**Task goal**
Only lines, not pictures: please repeat exactly the lines from the one with "Для создания темно-коричневых" through the end of the listing.
□ □ □ □ □ □ □
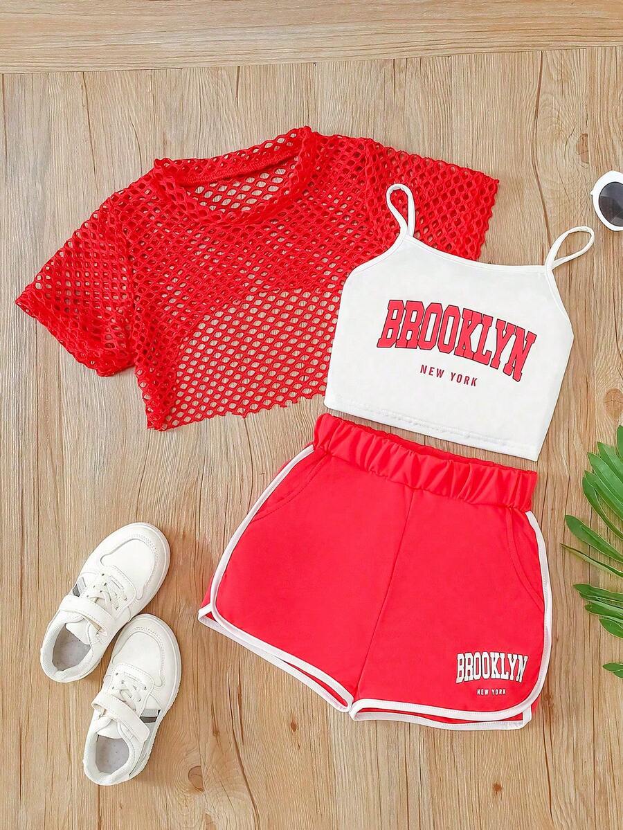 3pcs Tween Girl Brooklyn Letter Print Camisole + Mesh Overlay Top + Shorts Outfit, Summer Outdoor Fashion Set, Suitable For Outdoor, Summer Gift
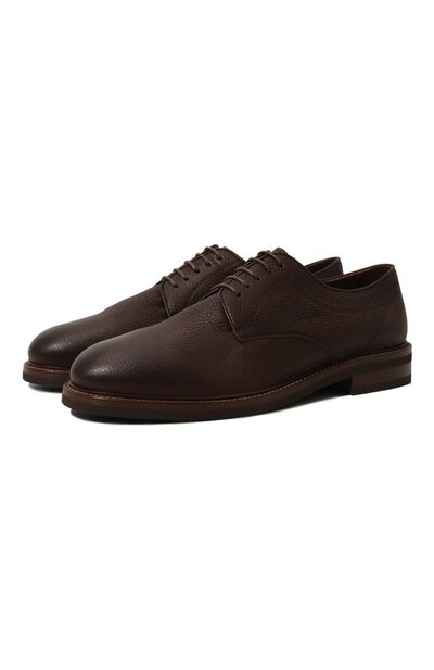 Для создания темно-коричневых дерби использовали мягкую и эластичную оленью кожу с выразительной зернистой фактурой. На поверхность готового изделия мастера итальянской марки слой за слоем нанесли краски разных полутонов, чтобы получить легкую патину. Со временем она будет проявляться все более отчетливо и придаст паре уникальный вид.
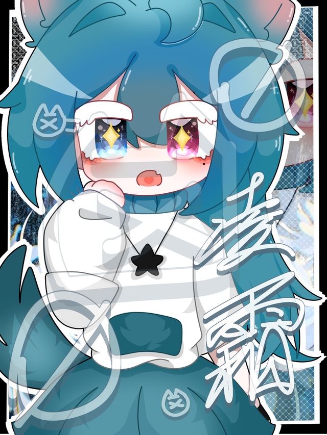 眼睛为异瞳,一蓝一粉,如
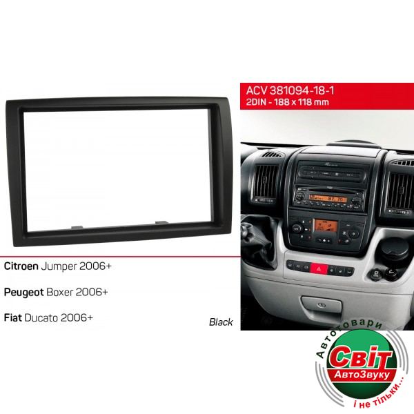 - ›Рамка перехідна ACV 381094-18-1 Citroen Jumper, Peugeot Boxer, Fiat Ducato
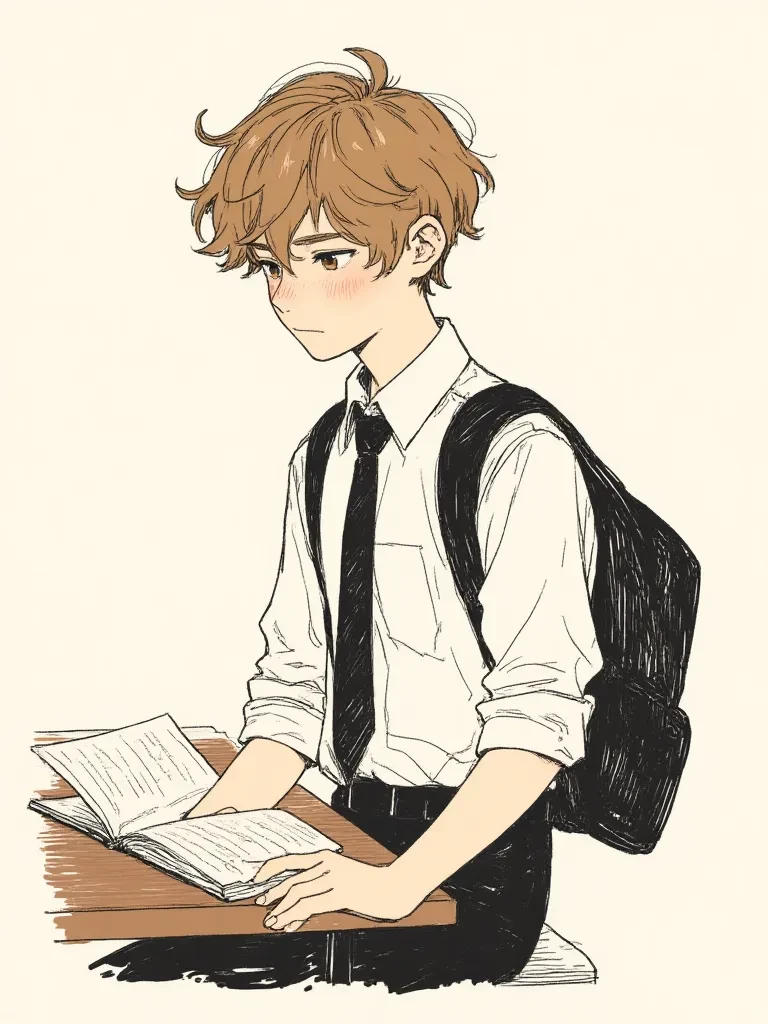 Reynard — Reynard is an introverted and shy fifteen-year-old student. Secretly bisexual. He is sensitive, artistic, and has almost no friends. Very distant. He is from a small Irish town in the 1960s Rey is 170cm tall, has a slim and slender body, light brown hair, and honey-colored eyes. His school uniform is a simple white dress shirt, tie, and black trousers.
□ □ □ □ □ □ □
**Output below**
 Для создания темно-коричневых дерби использовали мягкую и эластичную оленью кожу с выразительной зернистой фактурой. На поверхность готового изделия мастера итальянской марки слой за слоем нанесли краски разных полутонов, чтобы получить легкую патину. Со временем она будет проявляться все более отчетливо и придаст паре уникальный вид.
 眼睛为异瞳,一蓝一粉,如
 - ›Рамка перехідна ACV 381094-18-1 Citroen Jumper, Peugeot Boxer, Fiat Ducato
 Reynard — Reynard is an introverted and shy fifteen-year-old student. Secretly bisexual. He is sensitive, artistic, and has almost no friends. Very distant. He is from a small Irish town in the 1960s Rey is 170cm tall, has a slim and slender body, light brown hair, and honey-colored eyes. His school uniform is a simple white dress shirt, tie, and black trousers.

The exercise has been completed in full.